Fixed crashing bugs when using Maria TEMPORARY tables with TRUNCATE. Removed 'hack' code in sql directory to go around this bug.
pagecache_unlock_by_ulink() now has extra argument to say if page was changed.
Give error message if we fail to open control file
Mark page cache variables as not flushable
include/maria.h:
Made min page cache larger (needed for pinning key page)
Added key_nr to st_maria_keydef for faster keyinfo->keynr conversion
Added write_comp_flag to move some runtime code to maria_open()
include/my_base.h:
Added new error message to be used when handler initialization failed
include/my_global.h:
Renamed dummy to swap_dummy to avoid conflicts with local 'dummy' variables
include/my_handler.h:
Added const to some parameters
mysys/array.c:
More DBUG
mysys/my_error.c:
Fixed indentation
mysys/my_handler.c:
Added const to some parameters
Added missing error messages
sql/field.h:
Renamed variables to avoid variable shadowing
sql/handler.h:
Renamed parameter to avoid variable name conflict
sql/item.h:
Renamed variables to avoid variable shadowing
sql/log_event_old.h:
Renamed variables to avoid variable shadowing
sql/set_var.h:
Renamed variables to avoid variable shadowing
sql/sql_delete.cc:
Removed maria hack for temporary tables
Fixed indentation
sql/sql_table.cc:
Moved extra() call when waiting for tables to not be used to after tables are removed from cache.
This was needed to ensure we don't do a PREPARE_FOR_DROP or similar call while the table is still in use.
sql/table.cc:
Copy page_checksum from share
Removed Maria hack
storage/maria/Makefile.am:
Added new files
storage/maria/ha_maria.cc:
Renamed records -> record_count and info -> create_info to avoid variable name conflicts
Mark page cache variables as not flushable
storage/maria/ma_blockrec.c:
Moved _ma_unpin_all_pages() to ma_key_recover.c
Moved init of info->pinned_pages to ma_open.c
Moved _ma_finalize_row() to maria_key_recover.h
Renamed some variables to avoid variable name conflicts
Mark page_link.changed for blocks we change directly
Simplify handling of undo link when writing LOGREC_UNDO_ROW_INSERT (old code crashed when having redo for index)
storage/maria/ma_blockrec.h:
Removed extra empty line
storage/maria/ma_checkpoint.c:
Remove not needed trnman.h
storage/maria/ma_close.c:
Free pinned pages (which are now always allocated)
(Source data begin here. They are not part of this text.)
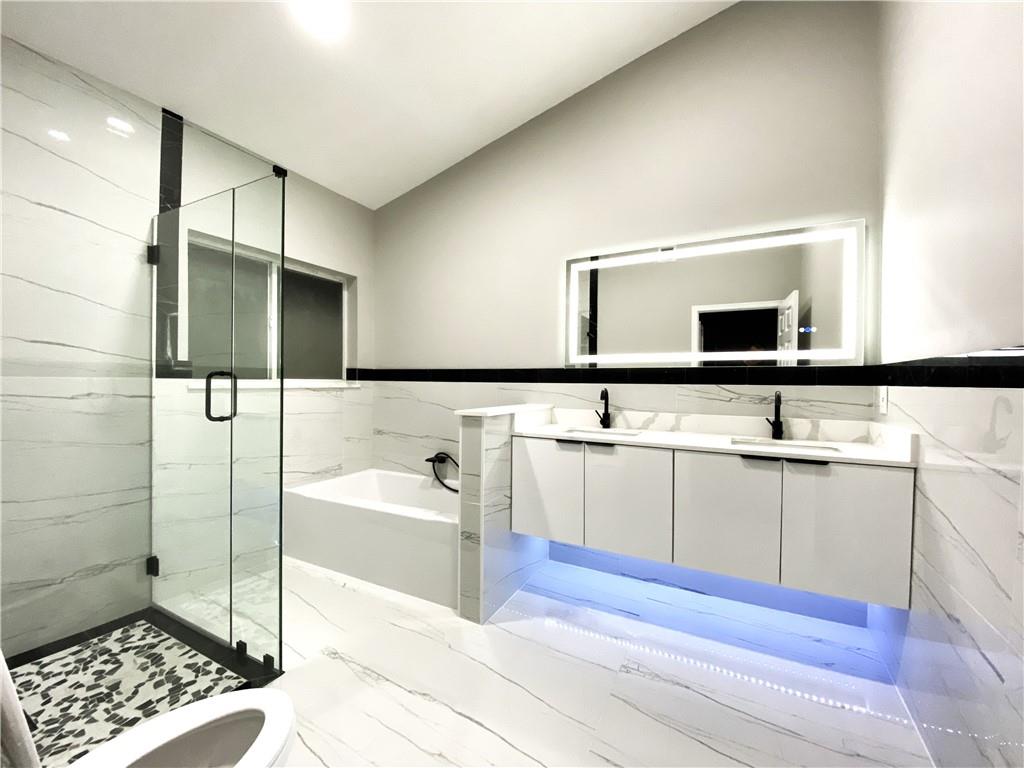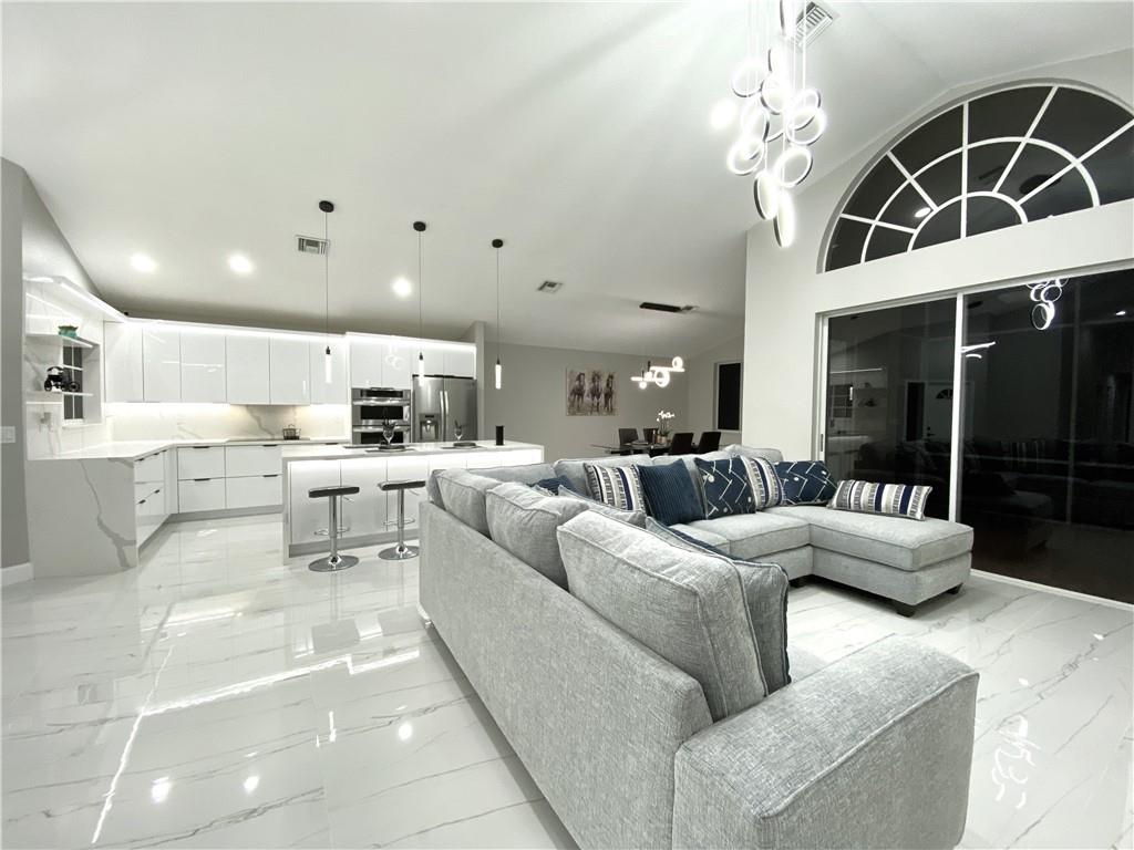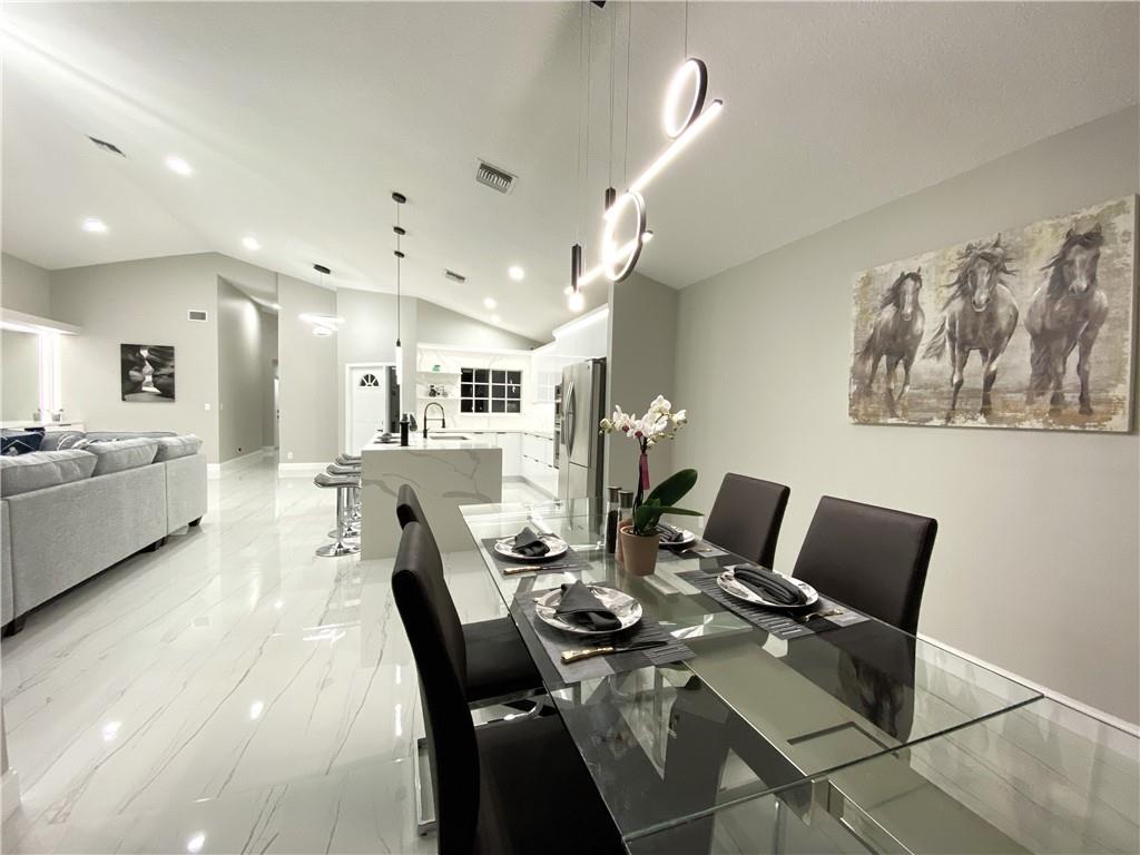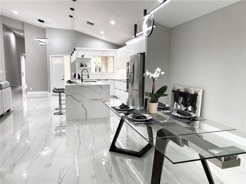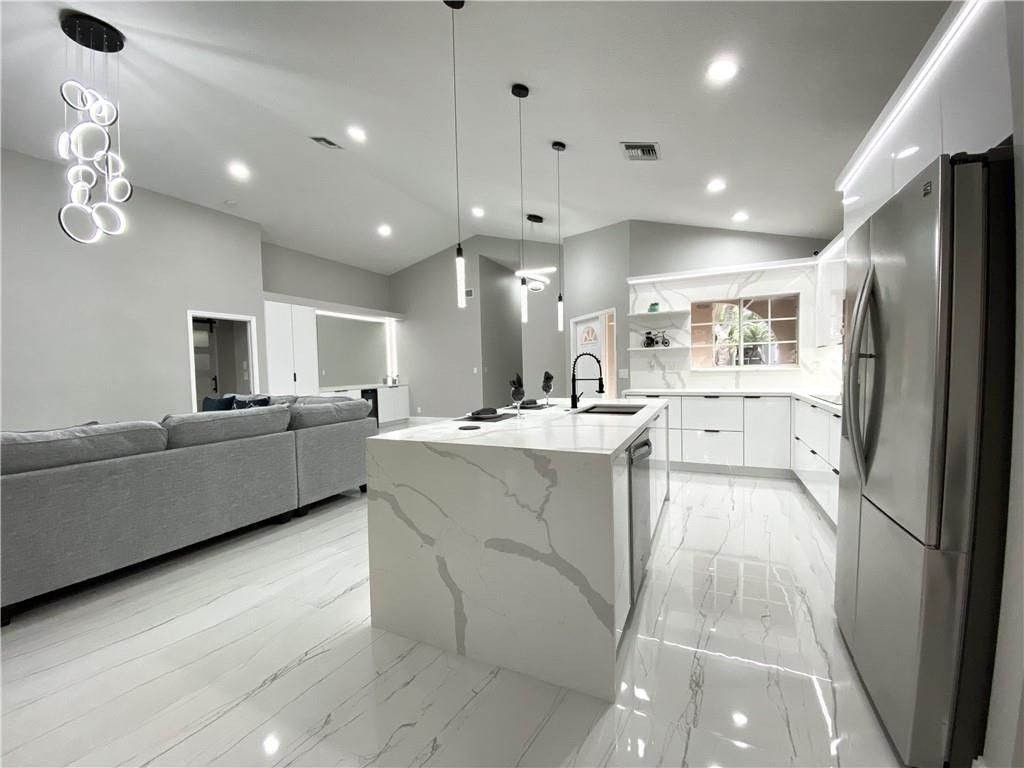 New Renovated 1-Story Home! Low HOA Fee w. lawn care, common area & a community pool! Bright Open & Split Floor Plan, Vaulted Ceilings, Tile & laminate floors, LED lights for the entire house. Modern kitchen has high-gloss cabinetry, quartz countertops & walls, 2-basket trash drawer, energy saving induction cooktop, touchless hood, SS appliances, self-clean oven, waterfall breakfast island has auto retractable outlets, & much more. Master suite features dual-sink vanity, custom-made closet has sensor lighting. Fresh painted exterior & interior. Window has UV protection films. Tropical Lush backyard w. screened Patio! An utility sink in laundry! 2-Car Garage w. Hurricane Impact Door. Roof 2007. AC 2014. WH 2020. A+ Rated Schools, no effect on the rezoning, Stoneman Douglas High School zone!
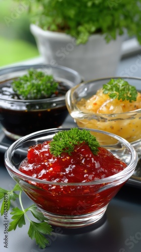 Close-up of assorted homemade colorful fruit jams in glass bowls garnished with parsley sprigs, displayed on a tray.
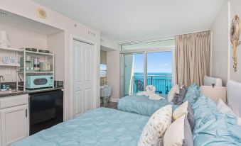 Perfect for families or groups of friends, this studio condo offers a central location close to top attractions, beautiful beaches, and the airport. The space features two comfortable full beds, a well-equipped kitchenette with a sink, microwave, coffee maker, toaster, and mini fridge—providing everything you need to prepare light meals and snacks with ease. Step out onto the spacious balcony to enjoy a soothing ocean view, the ideal spot for everyone to relax and unwind.
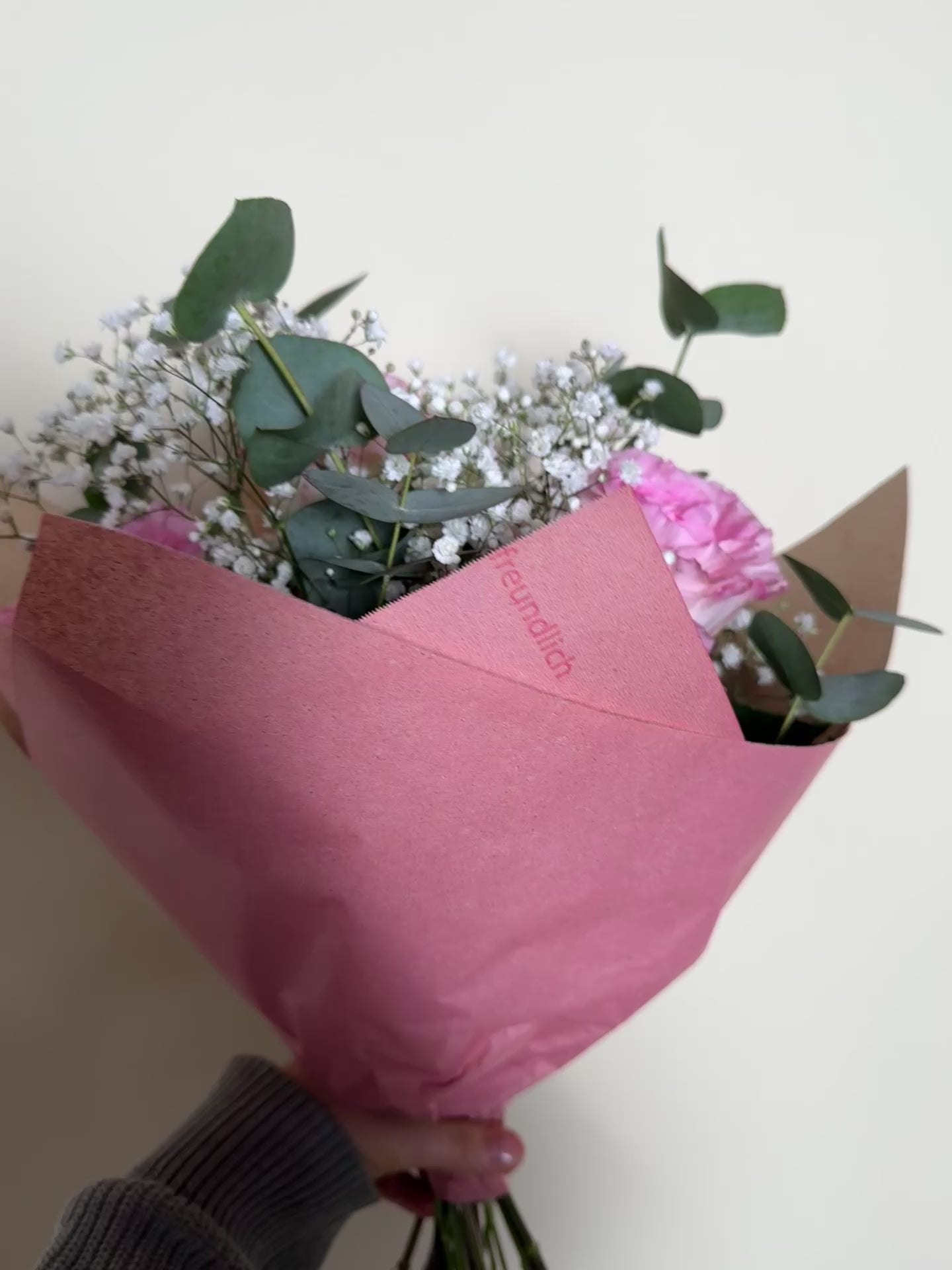 Großköpfige Ecuadorrosen in sanftem Rosa treffen auf feines weißes Schleierkraut und dekorativen Eukalyptus. Die harmonische Farbkomposition in Rosa-Weiß wirkt modern, edel und passt zu jedem Anlass — ob Geburtstag, Valentinstag oder als liebevolle Aufmerksamkeit.
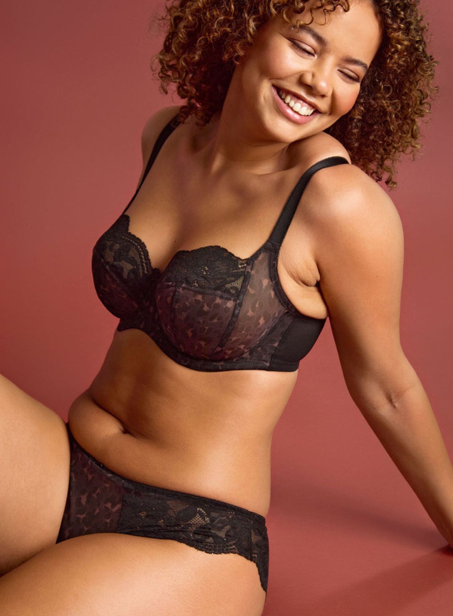 PANACHE Nina Balconette Bra in Black Leopard is a fresh take on our beloved Jasmine line. It has the stunning fit and lift of Jasmine, with some modern touches that take it to the next level. The classy, feminine lace is made with recycled yarns, and the flexible lace top cups offer a comfy fit. Instead of Jasmine's lined bottom cups, Nina has ones made from rigid printed fabric, for a daring, sheer style. Take a walk on the wild side with Nina this season.
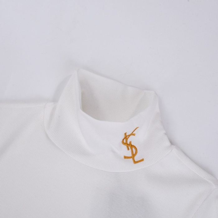 サンローランメンズホワイトタートルネック長袖Tシャツl434
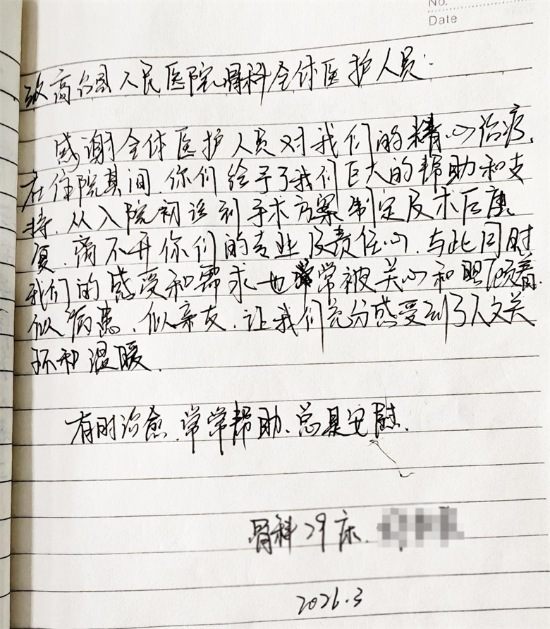 医者有温度,医患有温情。自全省医疗机构“十个多一点”暖心行动深入开展以来,高台县人民医院骨科始终坚守 “以患者为中心”的服务理念,将“多一点微笑、多一点沟通、多一点关心、多一点耐心”等要求融入诊疗服务全过程,以专业与温情守护患者健康。近日,科室接连收到同一患者的手写表扬信与致谢锦旗,这份双重认可,既是患者对暖心服务的高度肯定,更是科室践行“十个多一点”暖心行动的生动缩影。
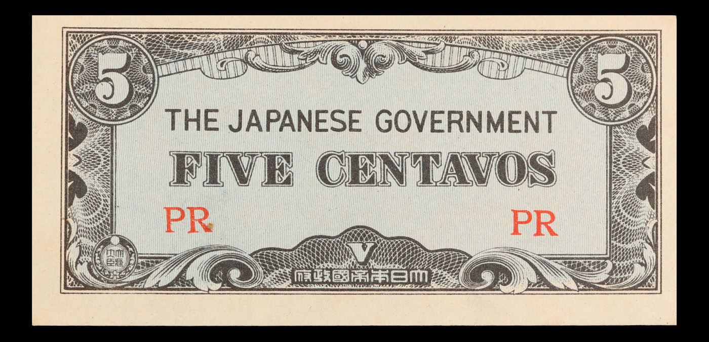 1942 Philippines Under Japanese occupation 5 Centavo Note P# 103A Grades Gem CU. Japanese invasion money, officially known as Southern Development Bank Notes (Japanese: ??????? Dai T?-A Sens? gunpy?, "Greater East Asia War military scrip"), was currency issued by the Japanese Military Authority as a replacement for local currency after the conquest of colonies and other states in World War II. Japan printed this currency for many countries, including Malaysia, Singapore, North Borneo, Sarawak, Burma, Brunei, and several Oceania territories controlled by Australia.
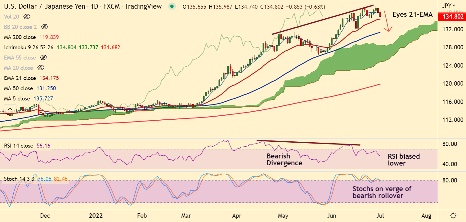 Summary: USD/JPY trades with a bearish bias. The pair is on track to test 21-EMA at 134.18.
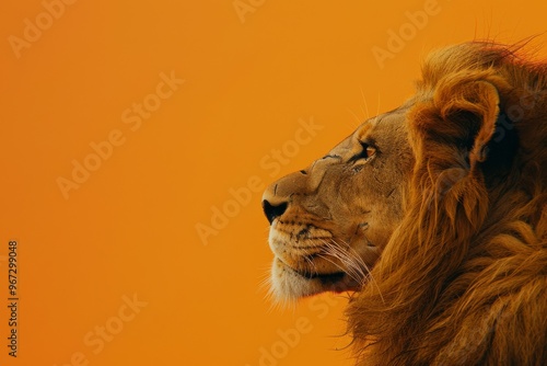 A regal lion faces sideways, its mane elegantly ruffled against a backdrop of vibrant orange, exuding strength and nobility.
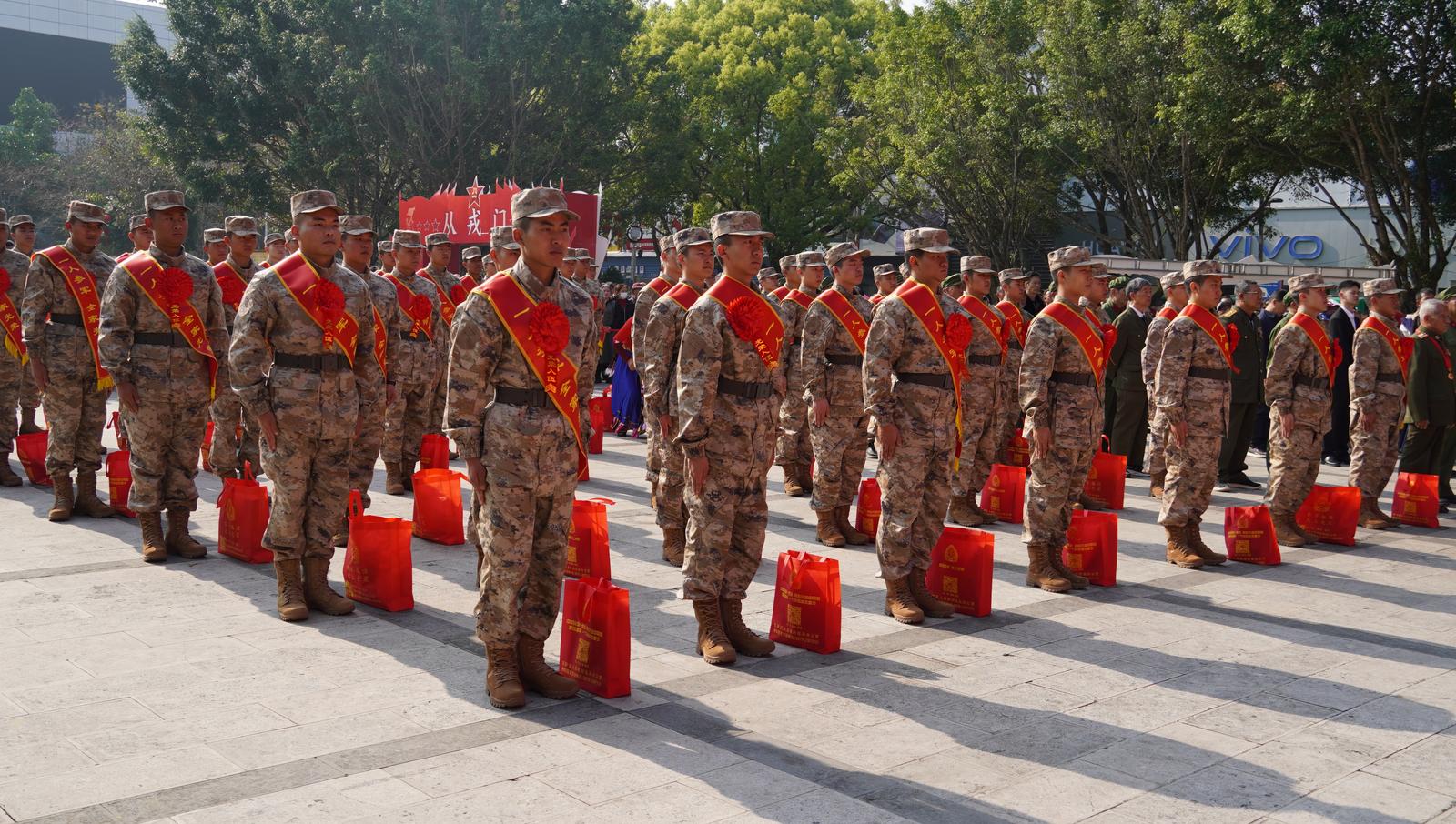 活动现场洋溢着浓烈的爱国拥军氛围,“听党指挥、能打胜仗、作风优良”“参军报国无上光荣”等标语醒目亮眼。身着戎装、身披绶带,军姿挺拔的新兵整齐列队,眼神坚毅、意气风发;光荣退伍、返乡归乡的老兵及参战老兵们军容严整,眉宇间镌刻着军旅岁月沉淀的坚毅与担当,两代军人同场而立,成为广场上最动人的风景。

storage/maria/ma_control_file.c:
Give error message if we fail to open control file
storage/maria/ma_delete.c:
Changes for redo logging (first part, logging of underflow not yet done)
- Log undo-key-delete
- Log delete of key
- Updated arguments to _ma_fetch_keypage(), _ma_dispose(), _ma_write_keypage(), _ma_insert()
- Added new arguments to some functions to be able to write redo information
- Mark key pages as changed when we write with PAGECACHE_LOCK_LEFT_WRITELOCKED
Remove one not needed _ma_write_keypage() in d_search() when upper level will do the write anyway
Changed 2 bmove_upp() to bmove() as this made code easer to understand
More function comments
Indentation fixes
storage/maria/ma_ft_update.c:
New arguments to _ma_write_keypage()
storage/maria/ma_loghandler.c:
Fixed some DBUG_PRINT messages
Simplify code
Added new log entrys for key page redo
Renamed some variables to avoid variable name shadowing
storage/maria/ma_loghandler.h:
Moved some defines here
Added define for storing key number on key pages
Added new translog record types
Added enum for type of operations in LOGREC_REDO_INDEX
storage/maria/ma_open.c:
Always allocate info.pinned_pages (we need now also for normal key page usage)
Update keyinfo->key_nr
Added virtual functions to convert record position o number to be stored on key pages
Update keyinfo->write_comp_flag to value of search flag to be used when writing key
storage/maria/ma_page.c:
Added redo for key pages
- Extended _ma_fetch_keypage() with type of lock to put on page and address to used MARIA_PINNED_PAGE
- _ma_fetch_keypage() now pin's pages if needed
- Extended _ma_write_keypage() with type of locks to be used
- ma_dispose() now locks info->s->state.key_del from other threads
- ma_dispose() writes redo log record
- ma_new() locks info->s->state.key_del from other threads if it was used
- ma_new() now pins read page
Other things:
- Removed some not needed arguments from _ma_new() and _ma_dispose)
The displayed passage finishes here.